You and your family are encouraged to talk with your doctor about your wishes concerning CPR. It is very important to know your wishes when you are admitted. You may request to have a DNR or your doctor may write an order, when in his or her medical judgment, initiating CPR would clearly be futile. If your doctor writes a DNR order because he or she believes CPR would not be beneficial or in your best interest, then he or she must inform you and/or your family first to seek your permission.
Sample health-care directive
It is helpful to talk with those you are close to when making decisions about advance directives. It may also be helpful to seek advice from an attorney. If you do decide to make one, it is important to talk to your physician and ensure that a copy is provided for in your medical chart.
Here is a sample of a health-care directive:
Directive made this day of (month, year).

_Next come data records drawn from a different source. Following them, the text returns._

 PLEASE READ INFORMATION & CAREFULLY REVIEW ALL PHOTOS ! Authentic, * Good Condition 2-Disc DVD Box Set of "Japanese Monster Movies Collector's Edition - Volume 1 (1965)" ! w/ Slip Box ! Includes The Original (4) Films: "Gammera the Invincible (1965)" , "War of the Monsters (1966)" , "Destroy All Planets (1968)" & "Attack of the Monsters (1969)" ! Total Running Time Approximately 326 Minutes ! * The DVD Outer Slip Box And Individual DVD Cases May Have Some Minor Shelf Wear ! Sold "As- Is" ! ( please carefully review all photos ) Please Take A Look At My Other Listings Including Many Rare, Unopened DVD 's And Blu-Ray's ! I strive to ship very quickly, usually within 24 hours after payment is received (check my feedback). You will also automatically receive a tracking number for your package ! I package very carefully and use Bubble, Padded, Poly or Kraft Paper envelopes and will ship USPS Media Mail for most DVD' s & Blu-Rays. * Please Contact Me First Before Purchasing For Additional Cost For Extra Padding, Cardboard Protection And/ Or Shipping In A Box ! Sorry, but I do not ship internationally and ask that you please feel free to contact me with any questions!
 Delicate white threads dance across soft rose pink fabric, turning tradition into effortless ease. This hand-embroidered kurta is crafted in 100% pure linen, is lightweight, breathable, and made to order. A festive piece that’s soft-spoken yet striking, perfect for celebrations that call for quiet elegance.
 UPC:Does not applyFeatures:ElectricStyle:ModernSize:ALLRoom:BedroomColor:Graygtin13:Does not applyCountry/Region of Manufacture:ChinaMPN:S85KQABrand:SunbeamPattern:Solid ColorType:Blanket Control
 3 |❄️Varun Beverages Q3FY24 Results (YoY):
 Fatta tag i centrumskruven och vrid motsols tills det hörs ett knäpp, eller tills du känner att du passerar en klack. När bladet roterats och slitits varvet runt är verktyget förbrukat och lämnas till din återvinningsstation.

I, (name), having the capacity to make health-care decisions, willfully and voluntarily make known my desire that my dying shall not be artificially prolonged under the circumstances set forth below, and do hereby declare that:
(a) If at any time I should be diagnosed in writing to be in terminal condition by the attending doctor, or in a permanent unconscious state by two doctors, and where the application for life-sustaining treatment would serve only to artificially prolong the process of my dying, I direct that such treatment be withheld or withdrawn, and that I be permitted to die naturally. I understand by using this form that terminal condition means incurable and irreversible condition caused by injury, disease, or illness that would within reasonable medical judgment cause death within a reasonable period of time in accordance with accepted medical standards, and where the application of life-sustaining treatment would serve only to prolong the process of dying. I further understand in using this form that a permanent unconscious condition means an incurable and irreversible condition in which I am medically assessed within reasonable medical judgment as having no reasonable probability of recovery from an irreversible coma or permanent vegetative state.
(b) In the absence of my ability to give directions about the use of a life-sustaining treatment, it is my intention that this directive shall be honored by my family and doctor(s) as the final expression of my legal right to refuse medical or surgical treatment and I accept the consequences of such refusal. If another person is appointed to make these decisions for me, I request that the person be guided by this directive and any other clear expressions of my desires.
(c) If I am diagnosed to be in a terminal condition or in a permanent unconscious condition (check one):
• I DO want to have artificially provided nutrition and hydration.
• I DO NOT want to have artificially provided nutrition and hydration.
(d) If I have been diagnosed as pregnant and that diagnosis is known to my doctor, this directive shall have no force or effect during the course of my pregnancy.
(e) I understand the full import of this directive and I am emotionally and mentally capable to make the health-care decisions contained in this directive.
(f) I understand that before I sign this directive, I can add to or delete from or otherwise change the wording of this directive and that I may add or delete from this directive at any time and that changes shall be consistent with Philippine laws to be legally valid.
(g) It is my wish that every part of this directive be fully implemented. If for any reason any part is held invalid, it is my wish that the remainder of my directive be implemented.
Patient Signature Date Address
Printed Name Date of Birth
The declarer has been personally known to me and I believe him or her to be capable of making health-care decisions.